Berlusconi claims persecution

ROME: Italian Prime Minister Silvio Berlusconi claimed Friday to be the most persecuted man anywhere in history at the hands of the courts, after judges quashed his immunity from prosecution.

But he said his centre-right government would carry on with massive public backing and there was no need to organise demonstrations in his favour.

"I am absolutely the person the most persecuted by the judiciary of all times, in all history and of anywhere in the world," he told journalists on emerging from a cabinet meeting.

Berlusconi said he had made more than 2,500 court appearances and spent more than 200 million euros on his defence in the various legal cases against him.

In a typical Berlusconi gaffe, he said the money had gone on paying "consultants and judges", before correcting that to "consultants and lawyers."

Last week a Milan court ordered his media empire Fininvest to pay a record fine of 750 million euros after ruling that it had obtained a favourable legal decision through bribery.

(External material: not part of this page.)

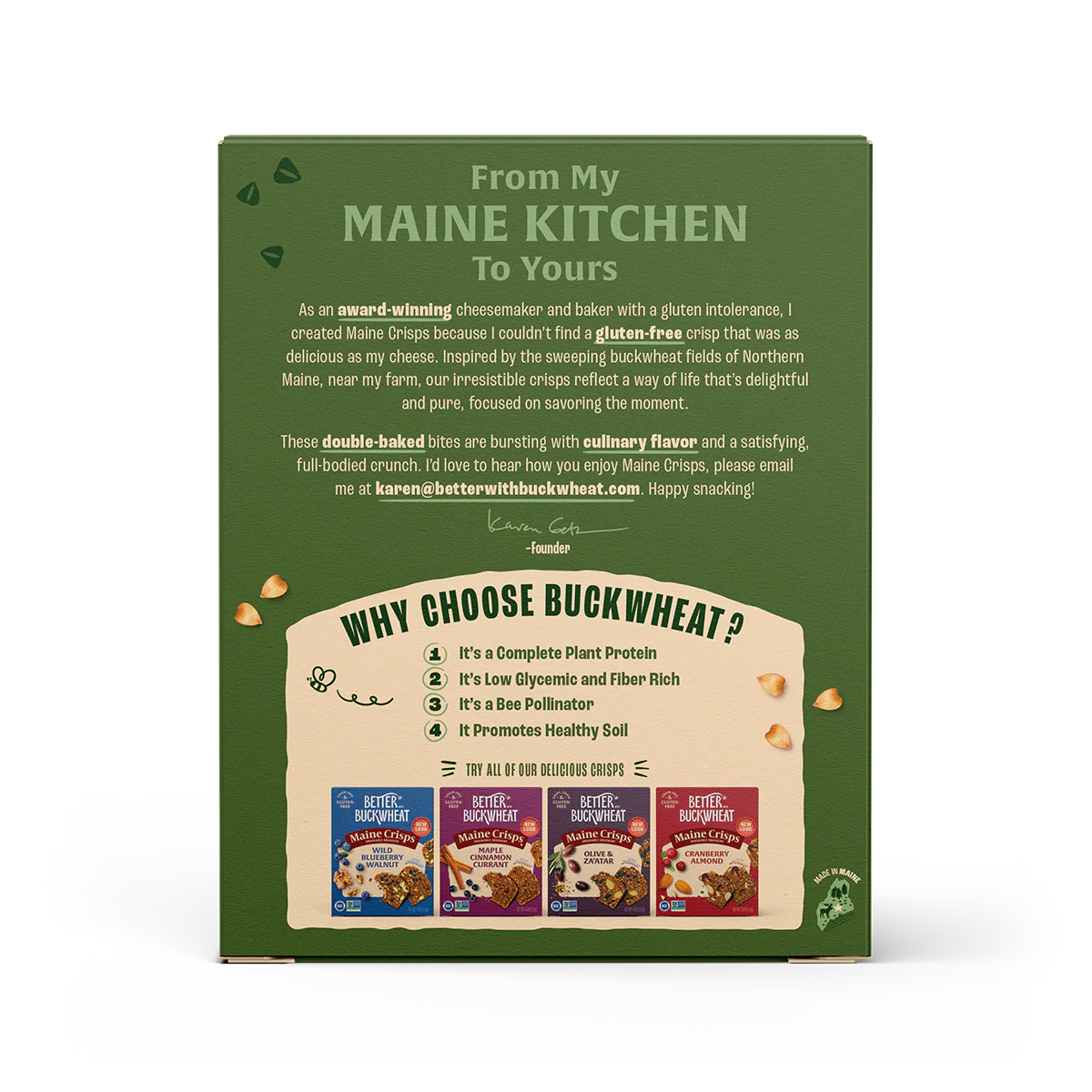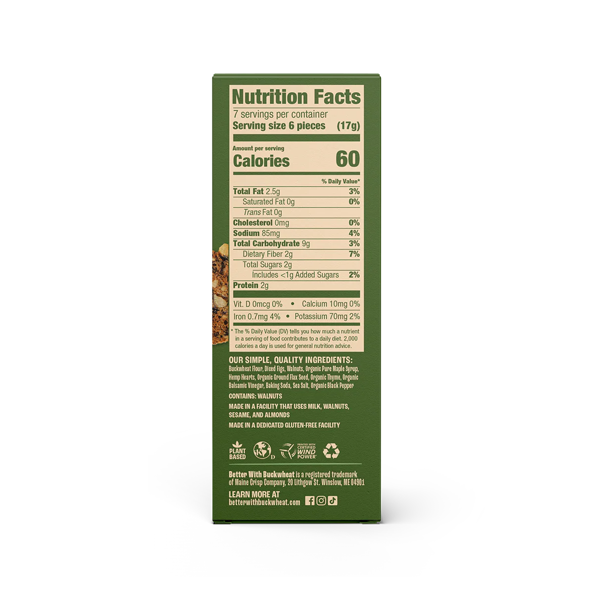 Our Simple, Quality Ingredients: Buckwheat Flour, Diced Figs, Walnuts, Pure Maple Syrup, Hemp Hearts, Organic Ground Flax Seed, Organic Thyme, Balsamic Vinegar, Baking Soda, Sea Salt, Organic Black Pepper
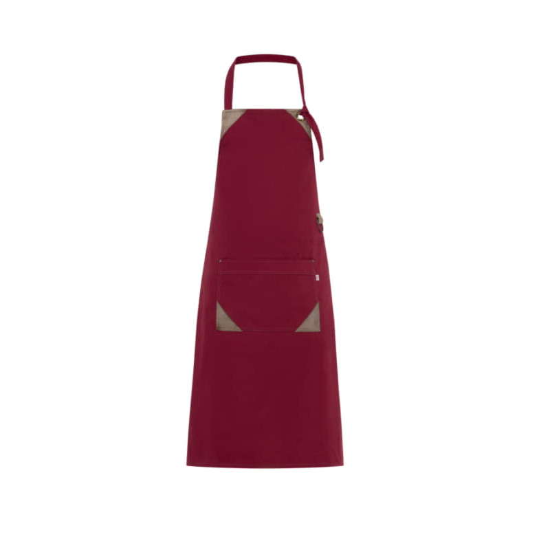 Il grembiule Karpathos è un modello unisex, realizzato in gabardine, composta al 65% di poliestere e al 35% di cotone, con un peso di 200 g / m², ideale per i lavaggi ad alte temperature. Dotato di una pettorina di ampie dimensioni, il grembiule presenta un laccio del collo regolabile attraverso un anello in ottone anticato. Un’ampia tasca centrale rivettata e un porta torcione completano il capo. Quattro apici in alcantara decorano il grembiule, che è interamente rifinito con impunture a contrasto. Disponibile nelle colorazioni: verde militare, bordeaux e nero.

On Wednesday Italy's Constitutional Court dealt Berlusconi a stinging blow by throwing out a law shielding him from prosecution while in office.

The verdict paved the way for two corruption trials to resume against the 73-year-old billionaire media tycoon.

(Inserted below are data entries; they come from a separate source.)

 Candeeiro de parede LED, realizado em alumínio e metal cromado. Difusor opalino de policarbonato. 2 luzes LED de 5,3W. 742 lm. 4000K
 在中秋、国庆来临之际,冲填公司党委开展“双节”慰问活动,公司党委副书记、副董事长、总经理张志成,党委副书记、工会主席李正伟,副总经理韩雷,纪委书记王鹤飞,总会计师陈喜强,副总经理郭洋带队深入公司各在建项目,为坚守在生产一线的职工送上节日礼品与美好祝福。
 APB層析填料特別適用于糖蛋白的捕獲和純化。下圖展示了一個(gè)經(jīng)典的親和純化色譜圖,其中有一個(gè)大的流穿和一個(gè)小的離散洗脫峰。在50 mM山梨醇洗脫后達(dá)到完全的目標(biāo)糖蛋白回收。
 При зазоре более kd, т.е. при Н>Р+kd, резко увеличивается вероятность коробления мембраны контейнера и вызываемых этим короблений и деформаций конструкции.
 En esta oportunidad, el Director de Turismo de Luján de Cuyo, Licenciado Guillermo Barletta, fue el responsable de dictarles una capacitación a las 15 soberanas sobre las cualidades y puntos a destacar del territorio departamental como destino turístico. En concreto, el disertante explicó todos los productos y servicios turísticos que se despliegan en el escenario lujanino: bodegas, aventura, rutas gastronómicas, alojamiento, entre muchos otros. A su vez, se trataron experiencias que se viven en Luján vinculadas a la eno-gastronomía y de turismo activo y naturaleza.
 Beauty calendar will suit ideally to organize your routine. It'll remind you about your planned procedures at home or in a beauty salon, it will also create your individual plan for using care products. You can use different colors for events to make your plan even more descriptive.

"The persecution is continuing of course," Berlusconi said Friday. "I would never have thought anyway that left-wing judges could approve" the immunity law.

"I will just have to take a few hours off from my work as head of government to deal with the trials."

Calling the trials "a real farce", Berlusconi said, "I will go on television to explain all that and the Italians will understand that the prime minister is a rampart against the left, which is not in the majority in this country."

In a separate statement on the TG5 television channel owned by his Mediaset group, Berlusconi turned down calls from some of his supporters for mass street protests against the Constitutional Court ruling.

"We are in government with the benefit of a popular consensus which has grown," he said, referring to successes in national, European and local elections since April last year.

"It's clear that we have a majority and we will govern for five years."

Berlusconi's battles with the law have marked his public life since he burst on to the political scene in the mid-1990s.

He has faced charges including corruption, tax fraud, false accounting and illegally financing political parties.

Although some initial judgments have gone against him, he has never been definitively convicted.

In the latest cases he is accused of paying his British former tax lawyer, David Mills, 600,000 dollars (400,000 euros) to give false evidence in two trials in the 1990s.

Mills was convicted in February of accepting the payment in a ruling that he is appealing.

Another pending case against Berlusconi involves allegations that his Mediaset television empire overcharged for broadcasting rights.

He has seen his popularity ratings drop in the past few weeks as he is also facing a string of sex scandals.

But asked a month ago by a journalist if he should resign, he declared he was "by far the best prime minister in 150 years of Italian history."